***** Listed records *****

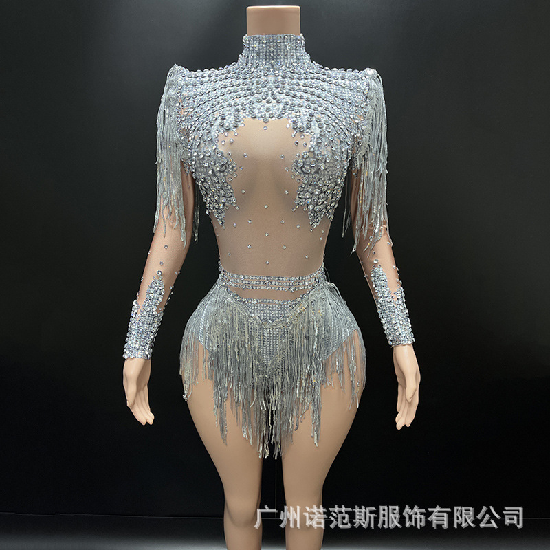 Pakaian Dansa Latin dengan Rumbai Berlian Imitasi Warna Perak Seksi Eropa Amerika
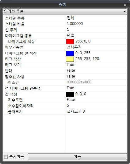 - 사용자가 정의한 임의 선 다이어그램의 최대/최소값을 기준으로 스케일이 조정됩니다.
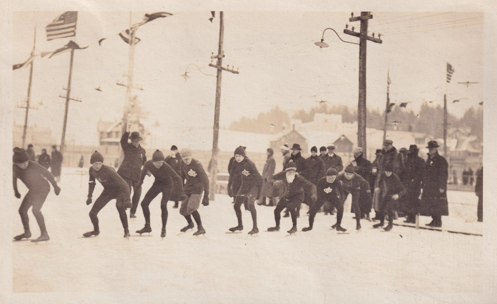 Black-and-white photograph of a group of young male skaters at the start line of a race. There is a man behind them, pointing a gun into the air. They are at a rink on Pontiac Bay, Lake Flower.
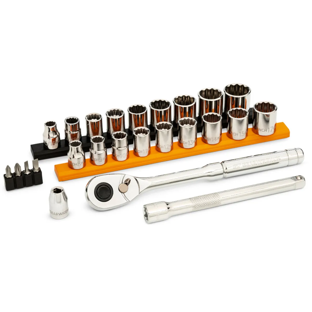 Set comes with a socket rail for storage and organization.
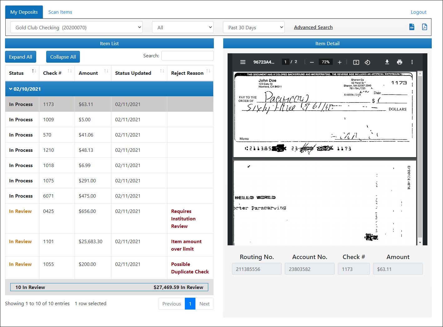 You can also filter the item list by date posted, item status, check number, check amount, status updated (date), reject reason, routing number, or account number at any time by entering the desired information into the Search box. - To see an image of a deposited item, click on that deposited item. The item is shown in the Item Detail window.
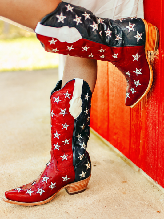 Контрастни червени и сини ботуши с къси пръсти и каубойски ботуши до средата на прасеца с инкрустация от звезди
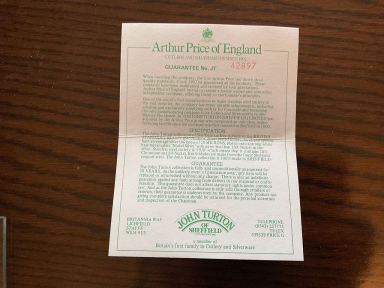 Arthur Price Dubarry 123 piece Cutlery Set. Twelve place settings. Guarantee Card JT42897. Each piece marked with Arthur Price of England and 3 stars. Excellent condition. Rarely used. Many items still in protective sleeves. Priced competitively to sell.
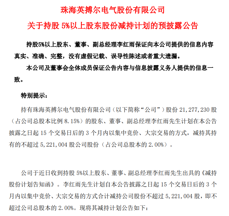 首页 > 产业 英搏尔:股东李红雨拟减持不超2%股份 发布时间: 2025-05-20 01:18:20 阅 128 5月19日,英搏尔发布公告,股东、董事、副总经理李红雨先生计划在本公告披露之日起15个交易日后的3个月内以集中竞价、大宗交易的方式,减持其持有的不超过522.1万股公司股份(占公司总股本的2.00%)。公告称,本次减持计划的实施存在不确定性风险,李红雨先生将根据市场情况、公司股价情况等情形决定是否全部实施或者部分实施本次股份减持计划。
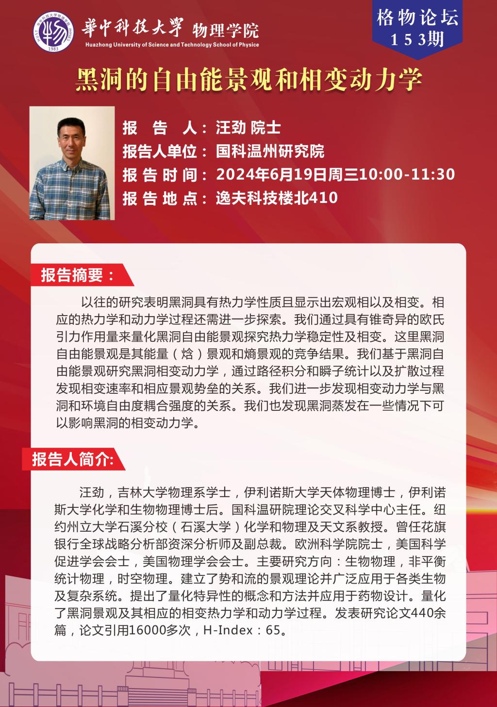 格物论坛153期(20240619)黑洞的自由能景观和相变动力学

*****

What you need to do:
The copy must start at the line containing "Black-and-white photograph of" and end at the last line of the records, matching each line exactly and holding no pictures.

Answer space:
 Black-and-white photograph of a group of young male skaters at the start line of a race. There is a man behind them, pointing a gun into the air. They are at a rink on Pontiac Bay, Lake Flower.
 Set comes with a socket rail for storage and organization.
 You can also filter the item list by date posted, item status, check number, check amount, status updated (date), reject reason, routing number, or account number at any time by entering the desired information into the Search box. - To see an image of a deposited item, click on that deposited item. The item is shown in the Item Detail window.
 Контрастни червени и сини ботуши с къси пръсти и каубойски ботуши до средата на прасеца с инкрустация от звезди
 Arthur Price Dubarry 123 piece Cutlery Set. Twelve place settings. Guarantee Card JT42897. Each piece marked with Arthur Price of England and 3 stars. Excellent condition. Rarely used. Many items still in protective sleeves. Priced competitively to sell.
 首页 > 产业 英搏尔:股东李红雨拟减持不超2%股份 发布时间: 2025-05-20 01:18:20 阅 128 5月19日,英搏尔发布公告,股东、董事、副总经理李红雨先生计划在本公告披露之日起15个交易日后的3个月内以集中竞价、大宗交易的方式,减持其持有的不超过522.1万股公司股份(占公司总股本的2.00%)。公告称,本次减持计划的实施存在不确定性风险,李红雨先生将根据市场情况、公司股价情况等情形决定是否全部实施或者部分实施本次股份减持计划。
 格物论坛153期(20240619)黑洞的自由能景观和相变动力学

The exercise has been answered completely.